The Supreme Court v. America (June 26, 2000)
It can be tough to slog through all the legal mumbo-jumbo and references, but here are the actual opinions:
Majority -
http://supct.law.cornell.edu/supct/html/99-62.ZS.html
Dissenting -
http://supct.law.cornell.edu/supct/html/99-62.ZD.html
The bottom line is that based on this decision, it would be an easy thing for someone to bring suit claiming that the National Anthem is an instance of government establishing a religion and transgressing the first amendment, and playing or performing at ANY PUBLIC or government-sponsored or -associcated event is ILLEGAL. Get ready.
Also keep in mind that of our current SC Justices, ONLY TWO were appointed by a Democratic president. Souter, Kennedy, O'Connor, and Stevens were all appointed by Republicans (Bush, Reagan, Reagan, and Ford). If these appointees had similar legal philospohies to Scalia and Thomas, we'd have a profoundly different set of laws today. So voting Republican is not a very reliable way to get conservative Justices on the court!!

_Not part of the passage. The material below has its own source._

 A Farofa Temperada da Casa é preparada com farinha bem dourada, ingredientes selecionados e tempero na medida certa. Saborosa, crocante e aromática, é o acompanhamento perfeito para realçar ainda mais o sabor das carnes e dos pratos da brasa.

Quotes from the dissenting opinion:
The Court distorts existing precedent to conclude that the school district's student-message program is invalid on its face under the Establishment Clause. But even more disturbing than its holding is the tone of the Court's opinion; it bristles with hostility to all things religious in public life. Neither the holding nor the tone of the opinion is faithful to the meaning of the Establishment Clause, when it is recalled that George Washington himself, at the request of the very Congress which passed the Bill of Rights, proclaimed a day of 'public thanksgiving and prayer, to be observed by acknowledging with grateful hearts the many and signal favors of Almighty God." Presidential Proclamation, 1 Messages and Papers of the Presidents, 1789--1897, p. 64 (J. Richardson ed. 1897).

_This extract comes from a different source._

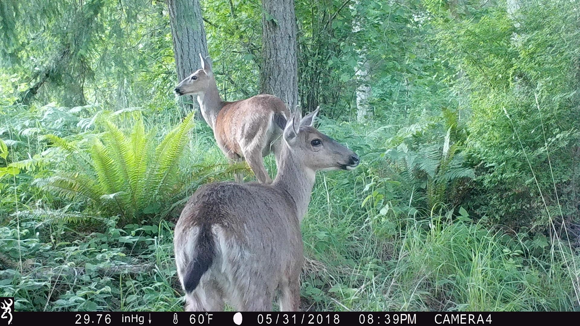 A common sight in the Pacific Northwest year-round are black-tailed deer. Black-tailed deer have developed the ability to grow a thick winter coat. Their coat consists of thick, long hairs called guard hairs that protect the short, thick, and often wavy hairs of the undercoat, providing exceptional insulation. They even have oil glands near each hair canal that waterproofs their fur!
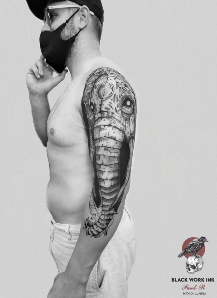 O artista Paulo R “Pé Vermelho” de Londrina, radicado em Curitiba nos contou um pouco sobre sua história na Tattoo: “Sou Bacharel em Computação Gráfica e apaixonado por tatuagem. Da tela do computador para a pele das pessoas foi uma (r)evolução para mim. Essa paixão surgiu na minha pele quando tive a honra de ser tatuado por artistas como Ivan Szazi e Danylo Stefan. Ali, literalmente, sentindo na pele a Maestria destes profissionais, foi amor a primeira agulhada” Adotar o estilo Black Work com uma pegada mais Dark Art foi um caminho natural para um grande fã de Black Sabbath e The Cure brinca Paulo R. “Dedico o melhor de mim para cada cliente que acaba virando um amigo. Não pode ser diferente, pois sei que minha arte estará impressa em seu corpo até o fim de sua jornada. É muita responsabilidade e muito amor envolvido em ser tatuador”

...with respect to the policy's purpose, the Court holds that "the simple enactment of this policy, with the purpose and perception of school endorsement of student prayer, was a constitutional violation." Ante, at 24. But the policy itself has plausible secular purposes: "[T]o solemnize the event, to promote good sportsmanship and student safety, and to establish the appropriate environment for the competition." App. 104--105. Where a governmental body "expresses a plausible secular purpose" for an enactment, "courts should generally defer to that stated intent." Wallace, supra, at 74--75 (O'Connor, J., concurring in judgment); see also Mueller v. Allen, 463 U.S. 388, 394--395 (1983) (stressing this Court's "reluctance to attribute unconstitutional motives to States, particularly when a plausible secular purpose for the State's program may be discerned from the face of the statute"). The Court grants no deference to -- and appears openly hostile toward -- the policy's stated purposes, and wastes no time in concluding that they are a sham.

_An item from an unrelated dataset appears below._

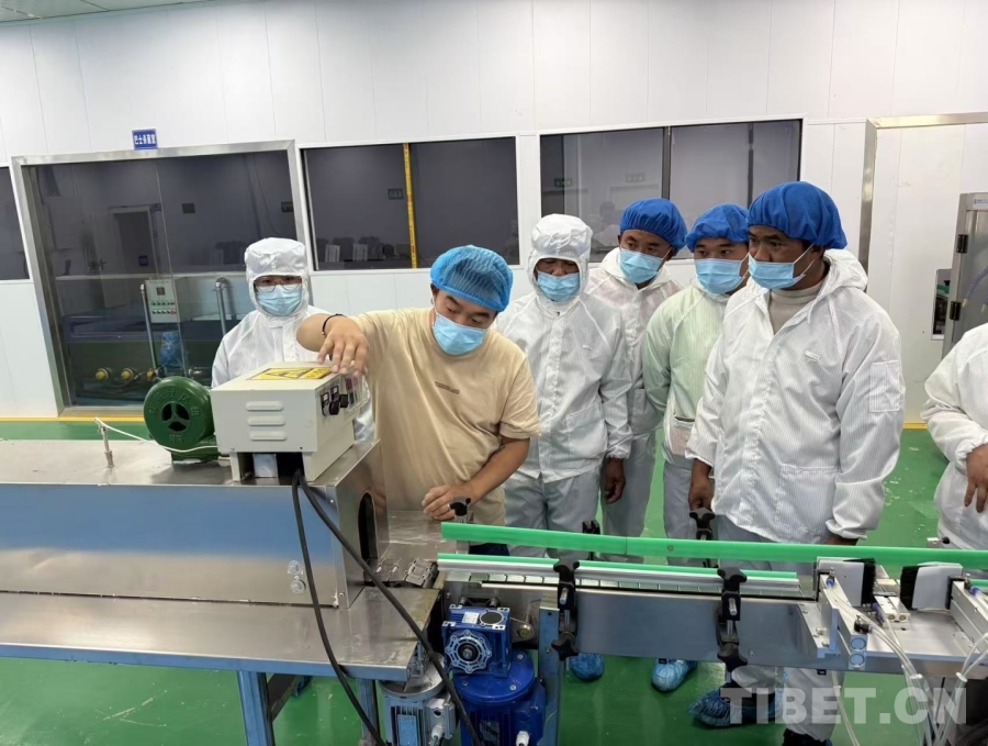 圖為生產(chǎn)車間里,巴桑旦增正專注調(diào)試設(shè)備,身旁同事們認真觀摩學(xué)習(xí)

For example, the Court dismisses the secular purpose of solemnization by claiming that it "invites and encourages religious messages." Ante, at 14; Cf. Lynch, 465 U. S, at 693 (O'Connor, J., concurring) (discussing the "legitimate secular purposes of solemnizing public occasions"). The Court so concludes based on its rather strange view that a "religious message is the most obvious means of solemnizing an event." Ante, at 14. But it is easy to think of solemn messages that are not religious in nature, for example urging that a game be fought fairly. And sporting events often begin with a solemn rendition of our national anthem, with its concluding verse "And this be our motto: 'In God is our trust.' " Under the Court’s logic, a public school that sponsors the singing of the national anthem before football games violates the Establishment Clause. Although the Court apparently believes that solemnizing football games is an illegitimate purpose, the voters in the school district seem to disagree. Nothing in the Establishment Clause prevents them from making this choice.